Swearing that oath, then bowing out, is becoming deliberately
Secondly, had you not entered the tourney that day, opponents that
you have defeated might not be out of the tourney at that point and
might be further to victory or to a later round than they had ever
reached before (a feeling of personal progress and more opportunities
to learn in honorable combat). You have basically given them a
I believe that combatants owe each and every opponent the best
possible fight they can give them in each round--the cleanest, the
most honorable, but also the most skillful.
The only possible option that I would consider, which was pointed out
to me by a dear friend who is a knight, would be to handicap oneself
by going out with an unfamiliar weapon style: if you normally fight
florentine, go out axe and round shield or something like that. In
that way, you are testing your own skills and at the same time
offering a handicap that your opponent can meet with honor. Who
knows, he might get unlucky, throw a shot that you duck and wrap and
kill himself! (Happened to Duke Radnor in the West once.)
> the very nature of the way our tournaments are set up, the level of
> desire by the populace to see Sir X win rises and it often rubs off
> on the fighters as well. (these are not _rules_ but are *certainly*
> not exceptions) The emotional differences of a man who has yet to
> enter Crown and one who has made it to, say, the third round are
> vast... and who can fault that man for deciding to make a run at it:
> "Let's see... if we cut down on the grocery bill and take showers
> together it might just save us enough money to do it..." This, I
> feel, is conducive to having ill-prepared royalty and messy reigns.
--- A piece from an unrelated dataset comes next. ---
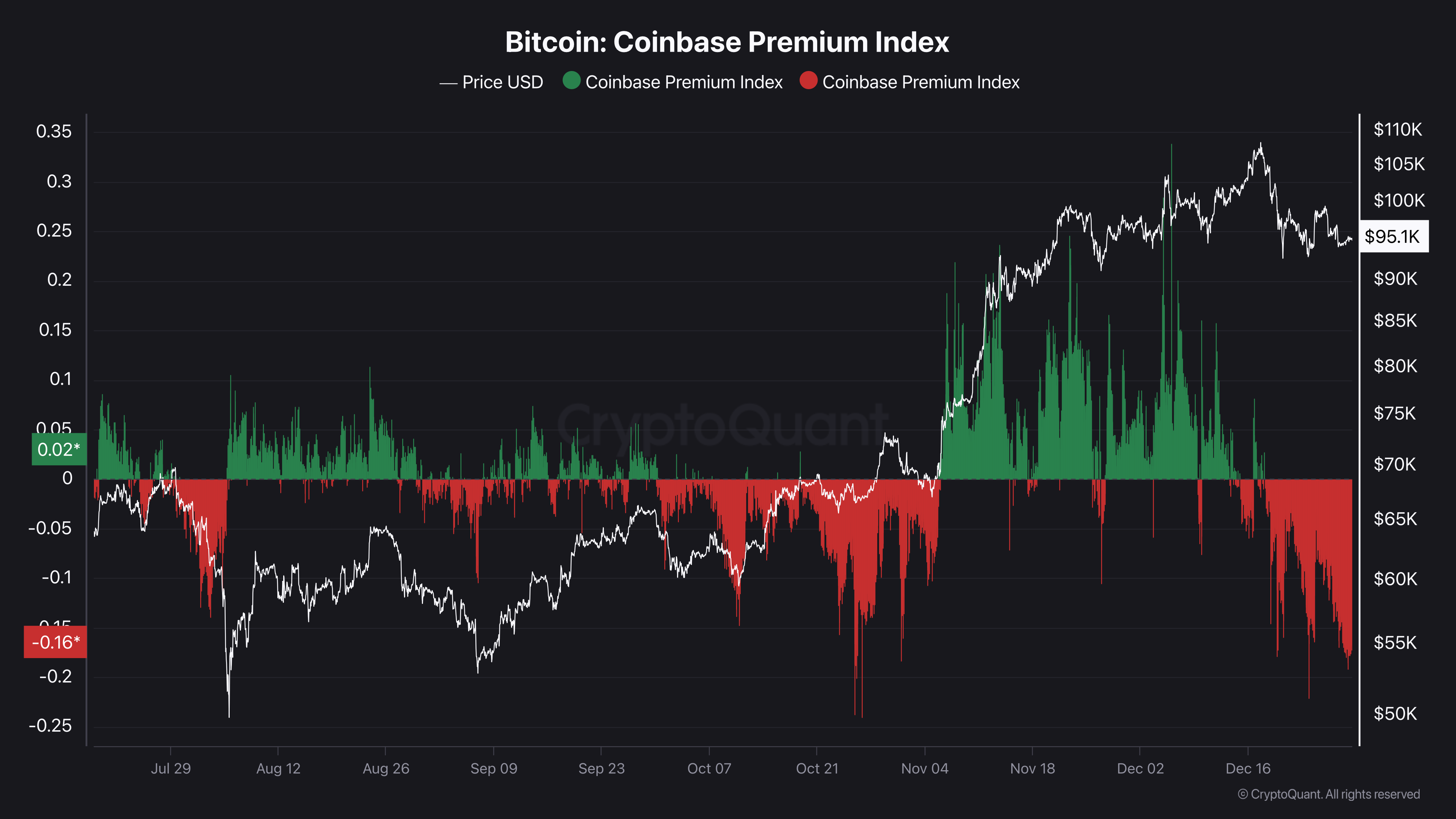 The Coinbase Premium Index highlights the significant role of U.S. institutional players in shaping Bitcoin’s price movements. The pronounced positive premium during Bitcoin’s rise underscores robust institutional demand, whereas the negative premium in December signals caution, coinciding with market consolidation near $95K. Future shifts in the Coinbase Premium Index will remain a critical indicator for gauging institutional sentiment and potential price direction.

> Keep in mind, it's as much a job as it is a title (more so, from
> what I'm told). That said, I'll say that I only want the folks who
> are *absolutely* sure they can perform to the high standards
> necessary fighting.
It is totally and completely a second full-time job.
> Not to be glib, but the words, 'quantity vs. quality', do leap to
> mind. A handy squire can beat newbies all day long and never break
> a sweat. Make that same squire fight two knights *who want to win*
> and I'll show you one tuckered boy.
And even the most seasoned fighters can get overconfident. In a
Western crown tournament, Duke Christian du Glaive, who had been king
for the just the reign before (first reign, I believer), went out in
the first of second round against Sgt. Brion of Bellatrix. Brion
one-shotted him, because Christian, by his own admission, was just
> >Conversely, it gives the fighters a chance to give the
> >knights a run for it, and it gives them the assurance that the
> >person who wins won because of skill, and not because Sir So-and-So
> >got a new job and can't spare the time to be king and thus couldn't
> >challenge. The king, I like to think, is not the best of the
> >fighters who have the free time, but the best. Period. Just my
> >opinion. Thank you, Madame Ghislaine Fontaneau
> <<<thus ends the snippage>>>
> I think you may be overlooking two items here.
> At the fore, just as fighting is only a portion of what makes a
> knight, it follows that what makes a man royal is not all in his
> sword arm either. Good kings and queens are organized, have tact and
> forsight, and the maturity to place the Kingdoms fun before their
> own. So said, the importance of 'absolute fighting prowess' is
> reduced; not much, but some.
Amen to that. One of the kings at Estrella was commenting just this
weekend that you get *very little free time to fight* once you become
king. This reduces the importance of "absolute fighting prowess"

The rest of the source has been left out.